From the first line to the last, output the data exactly as it stands, minus its pictures.

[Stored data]
_ _ _ _

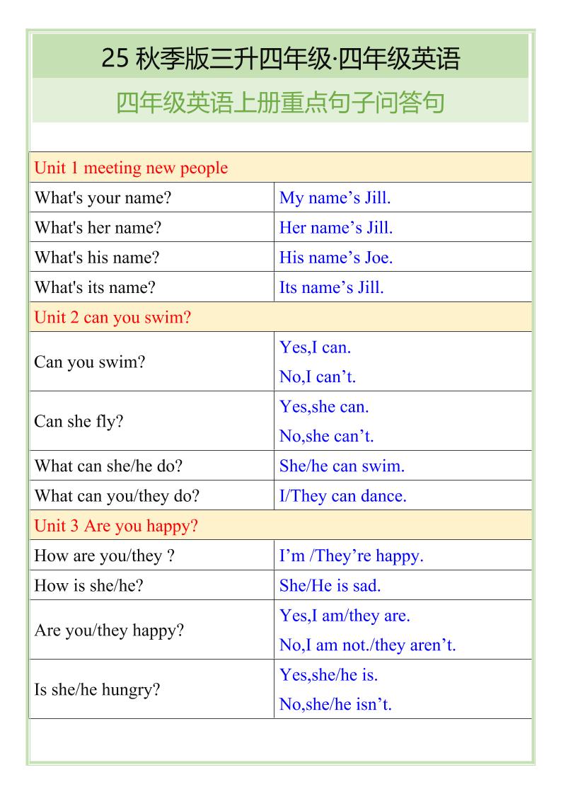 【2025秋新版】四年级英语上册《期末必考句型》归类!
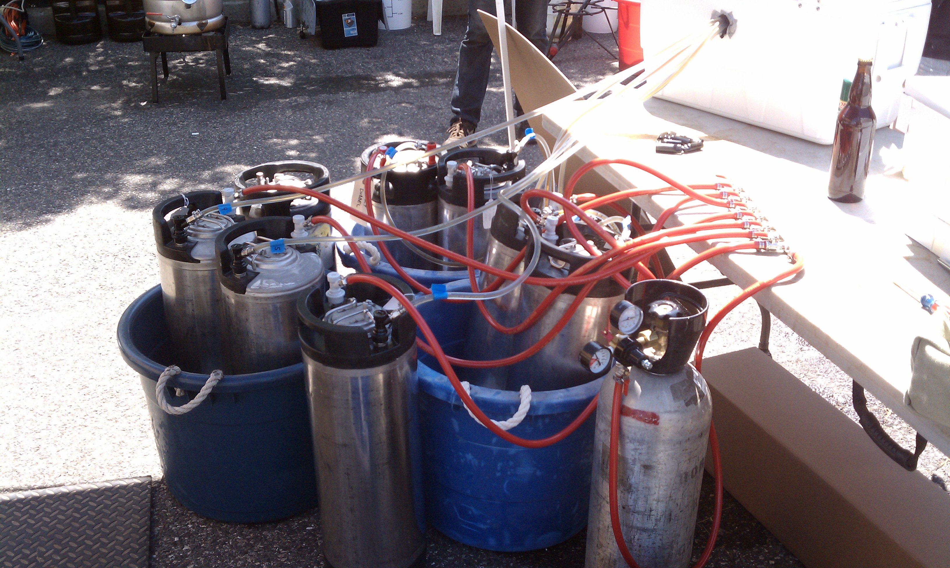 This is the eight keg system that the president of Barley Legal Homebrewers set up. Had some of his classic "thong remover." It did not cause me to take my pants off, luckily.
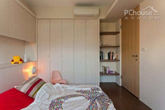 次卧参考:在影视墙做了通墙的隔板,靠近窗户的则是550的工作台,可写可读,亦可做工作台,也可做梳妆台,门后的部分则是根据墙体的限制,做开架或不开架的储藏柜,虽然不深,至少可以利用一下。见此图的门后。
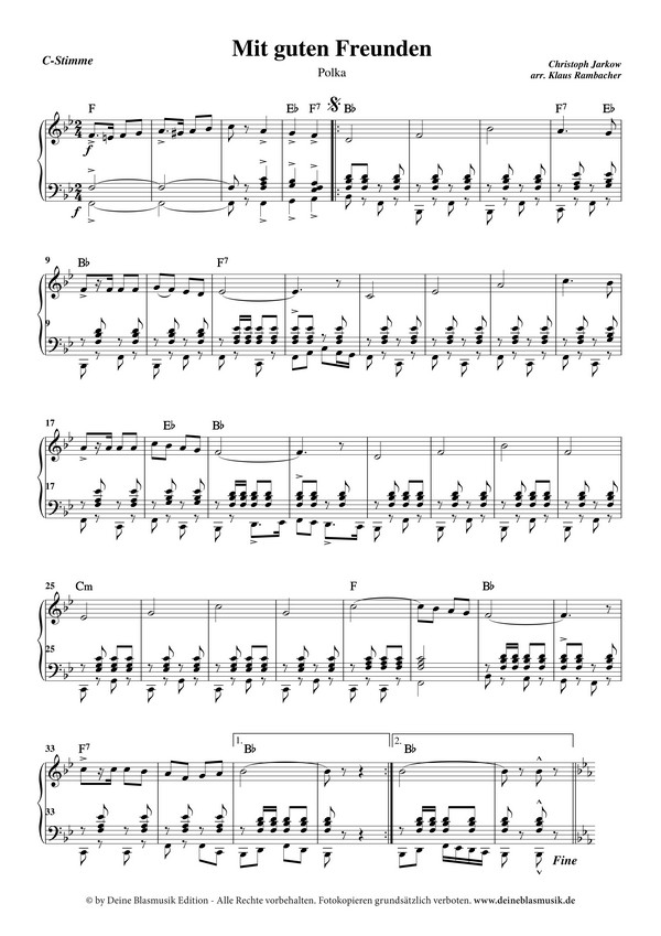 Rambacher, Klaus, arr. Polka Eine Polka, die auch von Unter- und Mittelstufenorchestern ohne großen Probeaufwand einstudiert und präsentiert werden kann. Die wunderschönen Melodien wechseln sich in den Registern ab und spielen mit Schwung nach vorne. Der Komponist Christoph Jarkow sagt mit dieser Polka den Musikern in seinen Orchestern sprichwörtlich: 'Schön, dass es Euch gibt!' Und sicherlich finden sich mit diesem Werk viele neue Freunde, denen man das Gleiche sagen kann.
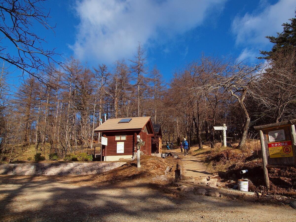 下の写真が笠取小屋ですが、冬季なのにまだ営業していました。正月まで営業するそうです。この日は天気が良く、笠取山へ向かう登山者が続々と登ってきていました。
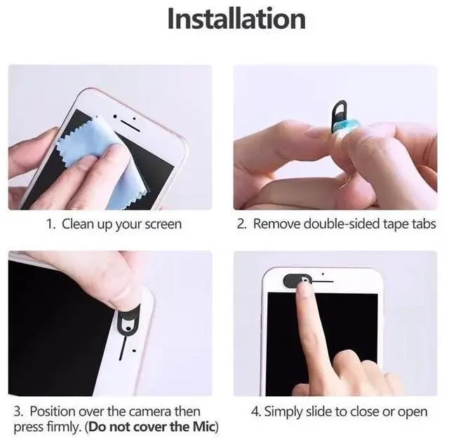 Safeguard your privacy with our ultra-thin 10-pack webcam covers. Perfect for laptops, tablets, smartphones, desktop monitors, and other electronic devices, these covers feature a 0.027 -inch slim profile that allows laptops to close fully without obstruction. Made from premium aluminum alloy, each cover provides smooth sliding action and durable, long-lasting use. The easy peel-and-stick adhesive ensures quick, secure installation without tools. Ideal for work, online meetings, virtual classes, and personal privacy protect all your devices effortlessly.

_ _ _ _

-- Expected answer --
 【2025秋新版】四年级英语上册《期末必考句型》归类!
 This is the eight keg system that the president of Barley Legal Homebrewers set up. Had some of his classic "thong remover." It did not cause me to take my pants off, luckily.
 次卧参考:在影视墙做了通墙的隔板,靠近窗户的则是550的工作台,可写可读,亦可做工作台,也可做梳妆台,门后的部分则是根据墙体的限制,做开架或不开架的储藏柜,虽然不深,至少可以利用一下。见此图的门后。
 Rambacher, Klaus, arr. Polka Eine Polka, die auch von Unter- und Mittelstufenorchestern ohne großen Probeaufwand einstudiert und präsentiert werden kann. Die wunderschönen Melodien wechseln sich in den Registern ab und spielen mit Schwung nach vorne. Der Komponist Christoph Jarkow sagt mit dieser Polka den Musikern in seinen Orchestern sprichwörtlich: 'Schön, dass es Euch gibt!' Und sicherlich finden sich mit diesem Werk viele neue Freunde, denen man das Gleiche sagen kann.
 下の写真が笠取小屋ですが、冬季なのにまだ営業していました。正月まで営業するそうです。この日は天気が良く、笠取山へ向かう登山者が続々と登ってきていました。
 Safeguard your privacy with our ultra-thin 10-pack webcam covers. Perfect for laptops, tablets, smartphones, desktop monitors, and other electronic devices, these covers feature a 0.027 -inch slim profile that allows laptops to close fully without obstruction. Made from premium aluminum alloy, each cover provides smooth sliding action and durable, long-lasting use. The easy peel-and-stick adhesive ensures quick, secure installation without tools. Ideal for work, online meetings, virtual classes, and personal privacy protect all your devices effortlessly.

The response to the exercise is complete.